U.S. West Texas Intermediate oil fell below $84 a barrel on Friday after Iran announced the Strait of Hormuz was fully open. The price dip marked an 11% slide in the market, the steepest drop in weeks [2].

The move matters because the Hormuz corridor carries about a fifth of the world’s oil supply, and analysts had warned that a closure could choke up to 13 million barrels per day, sending prices soaring [3]. By reopening the waterway as part of a cease‑fire deal with Lebanon, Tehran removed the immediate threat of a major supply shock, allowing traders to recalibrate and bring down U.S. benchmarks.

"The Strait of Hormuz is completely open to commercial traffic," said Seyed Abbas Araghchi, Iran’s foreign ministry spokesperson, in a statement released to Business Times Online [3]. The announcement was quickly echoed in Washington, where President Donald Trump said, "The Strait of Hormuz is open for business," adding that the decision would help stabilize global markets [4].

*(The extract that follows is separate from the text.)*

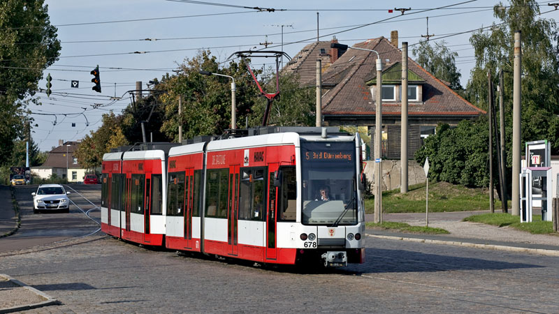 An der Abzweigung der Linie 15 am Leunaweg hielt die 678+677-Traktion auf der Linie 5 nach Bad Dürrenberg.
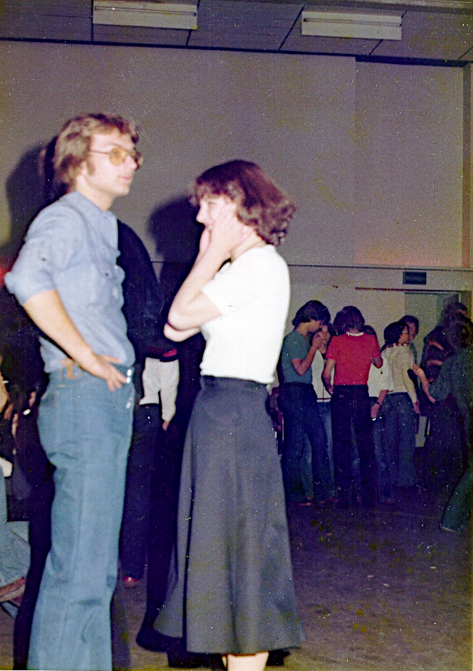 Jürgen Eggloff auf der Tanzfläche mit einer Partnerin vom Sophie-Scholl, die offenkundig die aktuelle Lautstärke der Musik nicht feiern kann.

Investors responded swiftly. By midday, WTI futures had slipped below the $84 mark, a level that had seemed secure just days earlier [1]. The decline was mirrored in Brent crude, which also shed more than 10% in value, underscoring how sensitive oil prices remain to geopolitical risk.

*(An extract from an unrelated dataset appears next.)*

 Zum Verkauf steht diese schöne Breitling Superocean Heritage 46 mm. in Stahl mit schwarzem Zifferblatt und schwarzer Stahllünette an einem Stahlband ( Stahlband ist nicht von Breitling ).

Energy analysts said the market had been pricing in a worst‑case scenario of a 13‑million‑barrel‑per‑day disruption, a figure that drove speculative buying in the weeks leading up to the announcement [3]. With the strait now declared open, that premium evaporated, prompting a rapid sell‑off.

"The statement reassured markets about uninterrupted transit through Hormuz," said Firstpost editorial staff, noting that the easing of supply concerns was the primary catalyst for the price plunge [5].

The broader context includes ongoing tensions in the Middle East, where recent clashes between Israel and Hezbollah raised fears of wider regional instability. While the cease‑fire agreement between Iran and Lebanon helped defuse one flash point, traders will continue to watch for any resurgence of hostilities that could again threaten the Hormuz corridor.

**What this means**

The sharp fall in U.S. oil prices illustrates how quickly markets can reverse when a single chokepoint is perceived as safe. With the Strait of Hormuz reopened, short‑term supply risk has receded, likely keeping gasoline and jet fuel costs lower for consumers in the coming weeks. However, the underlying geopolitical tensions remain, meaning the price floor could rise again if new threats emerge.

"The Strait of Hormuz is completely open to commercial traffic," said Seyed Abbas Araghchi.

The sharp fall in U.S. oil prices illustrates how quickly markets can reverse when a single chokepoint is perceived as safe. With the Strait of Hormuz reopened, short‑term supply risk has receded, likely keeping gasoline and jet fuel costs lower for consumers in the coming weeks. However, the underlying geopolitical tensions remain, meaning the price floor could rise again if new threats emerge.